Он заорал он – и крупная дрожь пробивала его.
– Я там, понимаете ли, я в этом сне ваше имя узнал! Ваше истинное имя, ну то есть – не сочетание звуком бессмысленное, а то имя, которым душа ваша обозначается… Ну вот, понимаете, понимаете ли…
Он задыхался, но выкрикнул: «– Нет вы подождите – я не все еще договорил! Не все не все! Не говорите!» – он при этом еще и руку свою выставил, словно бы желая остановить то, что могло из нее вырваться теперь. И он продолжал; то шепча, то выкрикивая:
– Я в том сне, почувствовал, что после смерти суждено нам встретится! Понимаете, ах – ну понимаете ли вы меня?!.. Как же я вас люблю, как же я вас любил все это пламя… ой время – ну, в общем и пламя и время. Эх, я и горел, и гнил, в болоте и задыхался – а иногда – так сжимал голову, и так стонал – от боли… боли – часами так порой стонал. Потому что мне было тесно без любви, понимаете ли – без той любви, вот когда душа к душе, и чувствуешь часть своей души в твоей душе; ну и часть твоей души во мне прибывает, и такое то согласие… Ну вы уж извините меня за эту сбивчивую речь; ну вы уж знаете, что кроме вас, Любовь Святая, и никого-никого не любил. Никогда вам не изменял, да и разве же можно Любви изменять?! Я клянусь вам – нет, нет не изменял. Я чист перед вами… Мы будем в том городе…
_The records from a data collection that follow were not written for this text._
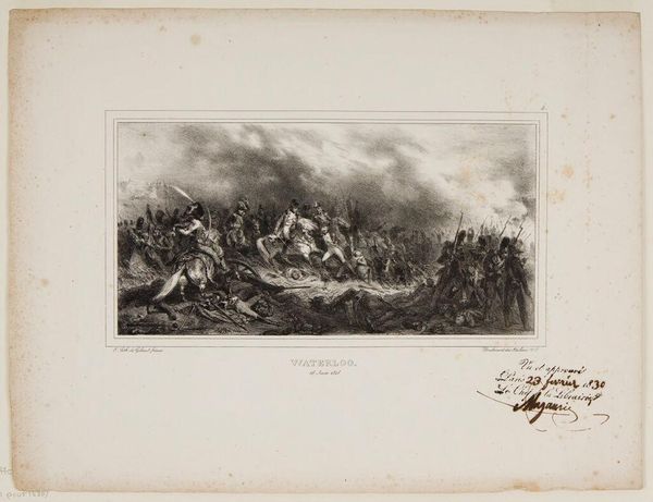 Curator: William Henry Worthington, an artist active in the late 18th and early 19th centuries, created this print called "The Defeat of the Spanish Armada." Editor: The scene is overwhelming. The churning sea practically spills out of the image, pulling you into the chaos of the battle. Curator: Note how the swirling smoke and aggressive waves almost become characters themselves, mirroring the conflict and high drama. The ships are merely vehicles for the drama being played out. Editor: And what about the engraver’s labor? The repetitive marks, the density of lines creating shadow, it’s a physical testament to the energy of the battle itself. This wasn’t a quick sketch; someone really wrestled with the material to evoke this intensity. Curator: Indeed, Worthington channels the collective memory of England’s victory. Symbolically, the image reiterates the triumph of Protestant England against Catholic Spain. Editor: The process, the tools used—they are themselves agents of meaning. This print speaks to a specific moment in history, filtered through the artist’s hand and the very materials of its creation. Curator: It’s a powerful reminder of how images can crystallize historical and cultural anxieties. Editor: Yes, leaving us to reflect on how we shape events through representation and the physical means of production.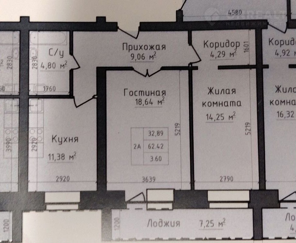 Общая площадь 62.4 м2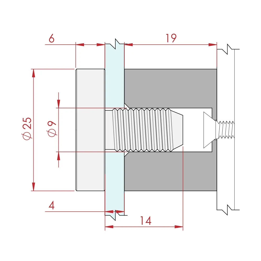 These screws and wall anchors install into most surface tapes for a fast and simple set-up. The sign standoff is a through-mount, with a 9mm hole needed to be drilled through the signage for the mounts to hold it. The flat-top mounts are hand-tightened to secure the display to the wall!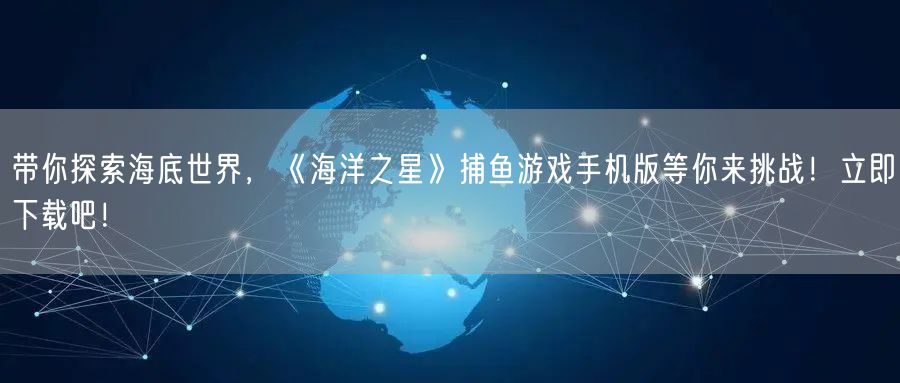 欢迎来到神秘而充满魅力的海底世界!在这里,一款名为《海洋之星》的捕鱼游戏手机版等你来挑战!立即下载,开启你的海底探险之旅!
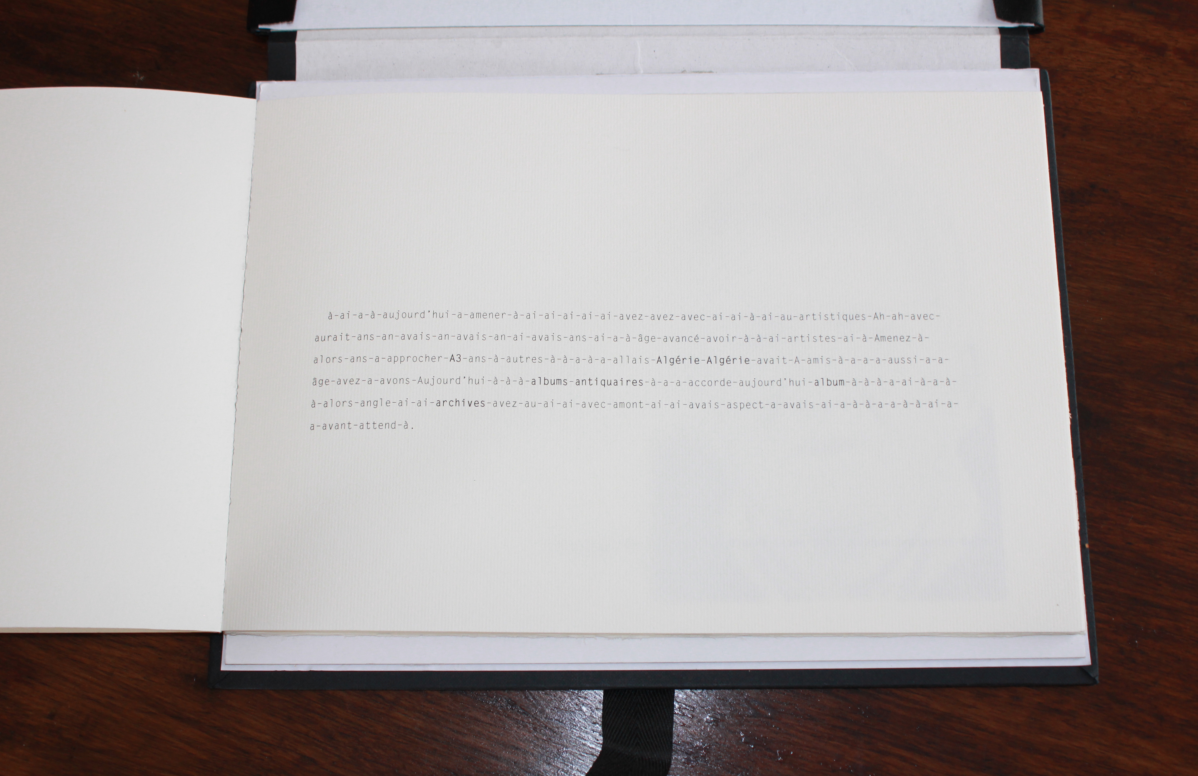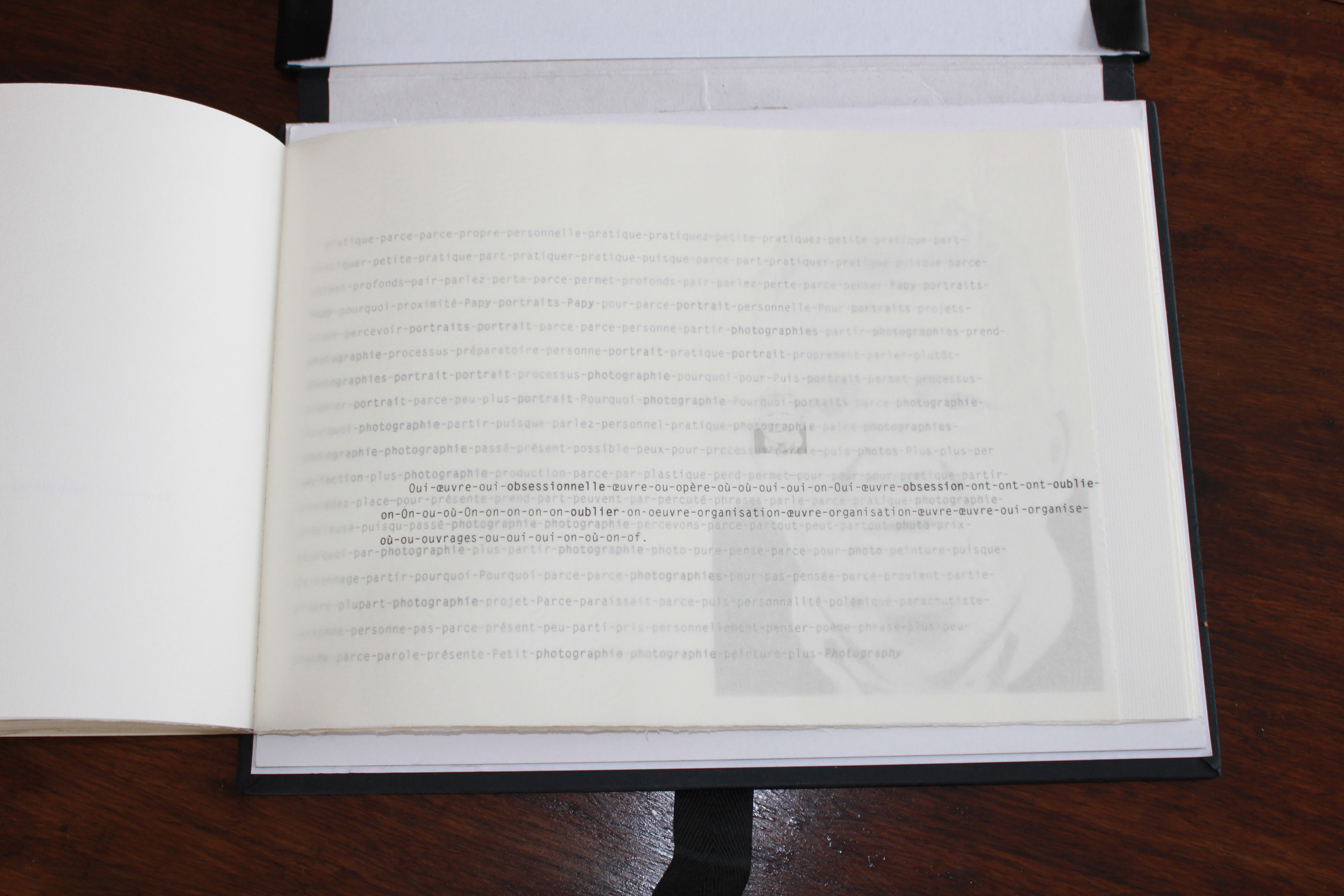 Cet entretien a été restitué sous forme de livre où les mots ont été classés à la manière d’un répertoire alphabétique. Chaque mot répertorié est recensé uniquement par sa première lettre et est classé dans la chronologie de l’entretien. Le classement laisse apparaître par la répétition la prédominance des mots les plus caractéristiques de sa recherche.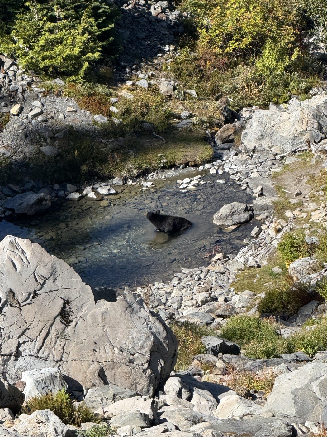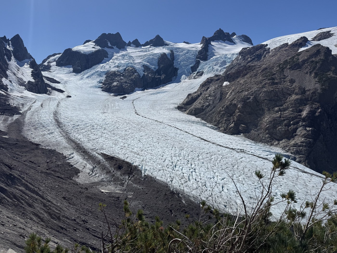 Did this as a long day hike starting at 5:00 am and got back at 8:00 pm. The trail is in excellent shape and well maintained, maybe 5 downed trees across 19 miles. I started in the dark and was startled by a couple elk crashing through the forest. I only saw their eyes in my headlamp which was unnerving. A little while later I saw a large male elk which proceeded to just stare at me. At mile 8 there is 2 river crossings both of which can be avoided by using downed logs. The incline starts a little after Lewis Meadows and is never too bad except the last section from Glacier Meadows to the Moraine. There are some great views of Mt. Tom and White Glacier right before the ladder. It's crazy to think how much the glacier has receded from the LIA, in 1815 it was connected with Blue Glacier. The ladder is a bit tricky due to a couple missing rungs. There is a sign which just has an arrow at Glacier Meadows that indicates the way to the moraine. It's easy to miss and I spent some time wandering among the campsites. I arrived at the terminal Moraine at 1:00 pm and spent 45 min admiring the view. On the way down I encountered a bear bathing in the tarn. It was very cool to see, and I must say bears are much less intimidating than elk. It was in the way of the trail, but it eventually scampered off. At this point I was running low on time, so I picked up the pace and only took 3 short breaks on the way out. I saw two more male elk around 4 miles out from the parking lot. Stats 38 miles, 6300 ft of gain.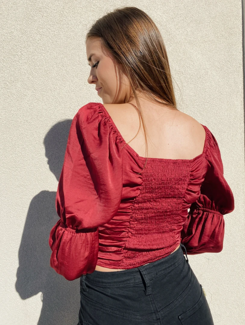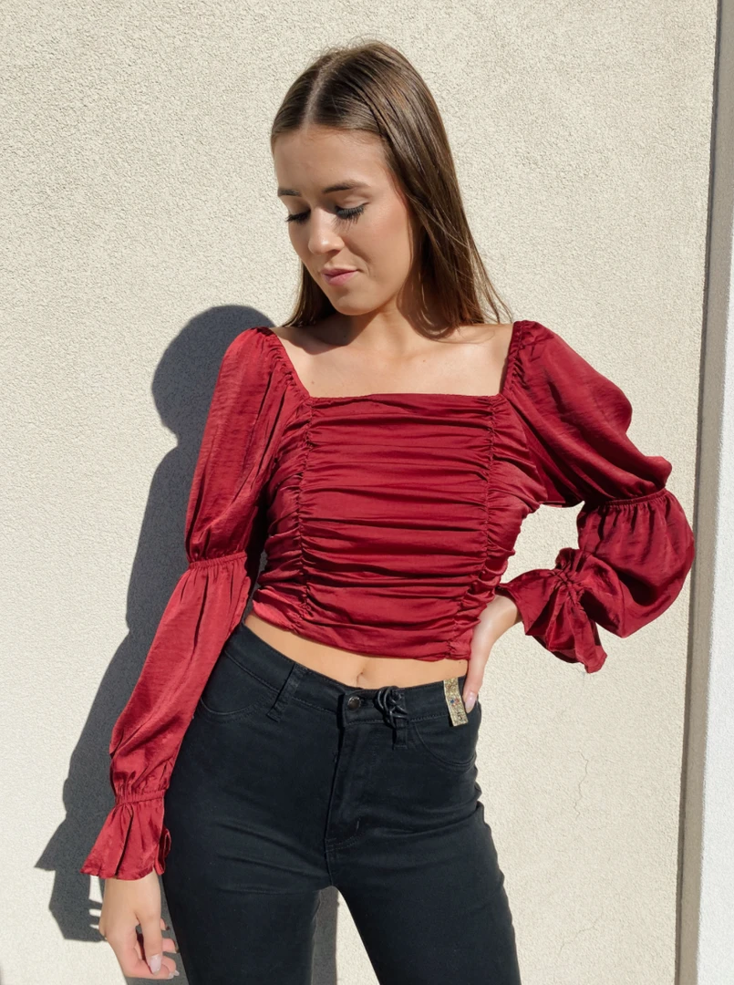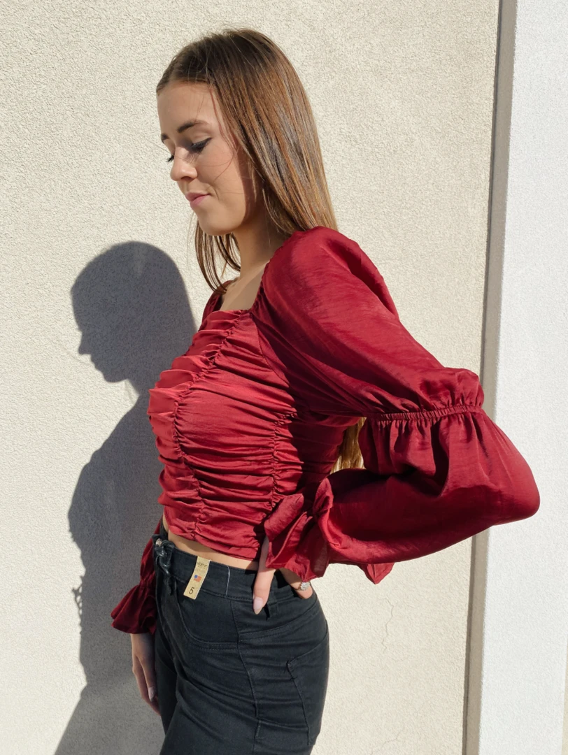 Glam Tops Mabry Ruched Long Sleeve Blouse – Elegant Women’s Tops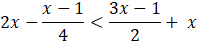 Dla ułatwienia obliczeń powinieneś pomnożyć obie strony nierówności przez 4, czyli najmniejszą wspólną wielokrotność mianowników w ułamkach nierówności. Odejmując zawartość nawiasu pamiętaj o zmianie znaku ich wartości na przeciwne. Następnie, przenieś wszystkie wartości z „x” na jedną stronę nierówności, natomiast liczby na przeciwną stronę. Na sam koniec, podziel obie strony nierówności przez 3.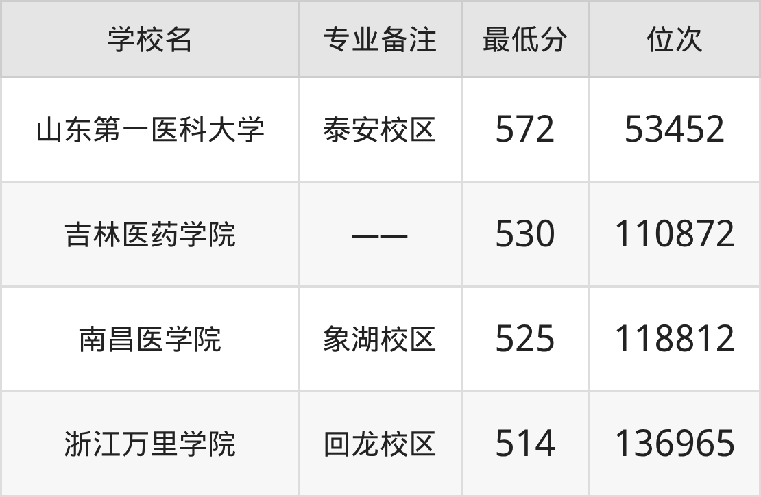 院校舉例:牡丹江醫(yī)科大學(xué)、上海健康醫(yī)學(xué)院、浙江萬里學(xué)院、貴州醫(yī)科大學(xué)。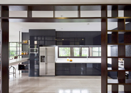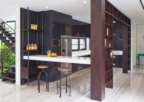 Trong nhà có những bức vách hở tạo độ thoáng giữa các không gian mà vẫn đảm bảo sự riêng tư cho các phòng

Но тут лик его сильно изменился, стал темным; и следущие слова он буквально выплевывал, как-то весь перегнувшись к полу:
– А знаете: я мразь, и никогда то мне в тот город не попасть. И знаете – попаду в преисподнюю, потому что я предатель. Потому что вот тут сейчас вам в исступлении про любовь выкрикиваю, а по моей то вине целый город погиб. Понимаете: мне эта духота ненавистна стала – и я свою коморку предал… Нет, нет – что я опять такое говорю – я ж детей, матерей, разных, разных совсем незнакомых мне людей предал. Вот понимаете: можно как угодно себя утешать – а вот это по моей вине сотни детишек погорели, да зарублены были. Вот я, подлец, вам сейчас о небесном граде вещаю, а на мне эти детишки – это ведь я их пожог и порубил. Нет – тут нельзя себя обманывать: пусть я их и руками не рубил, и в огонь не кидал – но язык то мой виноват. Что такое разрубить – это только движение мускул краткое – это только следствие. Но, я то их на это послал… Нет – меня это и раньше мучило, но не так – нет совсем не так, как теперь. Теперь я, как проснулся перед вами; вот перед вами то все это в полной мере ощутил… Ну что же, что же – да достоин преисподней – но, все, таки, и там память об граде сохраню. Понимаете, уж этот сон – уже частью меня стало. Так значит – будет меня и раскаяние по убитым терзать, но и это то блаженство никакие муки из меня не выдерут. Потому что я… Человек… Но что я говорю: кажется, все не то – не то говорю…
И тут лицо его вновь просияло; вновь появился в них проблеск чего-то иного, прекрасного, все еще зажатого – телом, жизнью, законами бытия…:
– …В этом родстве с окружающим, между нами, было нечто такое сокровенное, чего не должны были видеть, слышать, даже и они. И вот тогда-то, я не помню кто – вы ли мне, или же я вам – шепнули: «-Давайте убежим от всех них». И вот мы ушли от них; мы были в какой-то прекрасной зале, и там мы молвили друг другу: «Я люблю тебя»… – тут он вскрикнул, из носа его кровь пошла, и он, сжавшись, зашипел. – Так зачем же мне это говорить, когда это здесь, в этом мире, в этом воздухе – прозвучит лишь искренними словами, когда там то – это было сердцем всего мира! Понимаете, мы чувствовали тогда себя богами огромного творческого пламени. Понимаете ли – мы чувствовали, что из этих слов рождаются миры! Целые миры! Должно быть что-то сродни такому чувствовал и Иллуватор, когда создавал этот мир; ведь, не мог же этот мир, без любви создаться. Он столько в себе любви – этот мир несет! Столь в нем этого прекрасного чувства сокрыто! О небо, о звезды – как же прекрасно, как же невыразимо прекрасно словами бытие! Как же прекрасно, что мы есть, что мы можем так чувствовать. Любимая, Любимая – я могу вам так говорить, хотя и не следовало бы – главное то – это то, что мы чувствуем, что в нас!.. Ну вот – опять моя речь становится сбивчивой; наверное непонятно… Но я ж столько сказать хочу – я ж столько молчал… И пусть мне суждено пройти через преисподнюю… Но! Я! С! Памятью! О! Вас! Любовь! Поднимусь! Из! Преисподней!.. Я люблю, люблю, люблю Вас!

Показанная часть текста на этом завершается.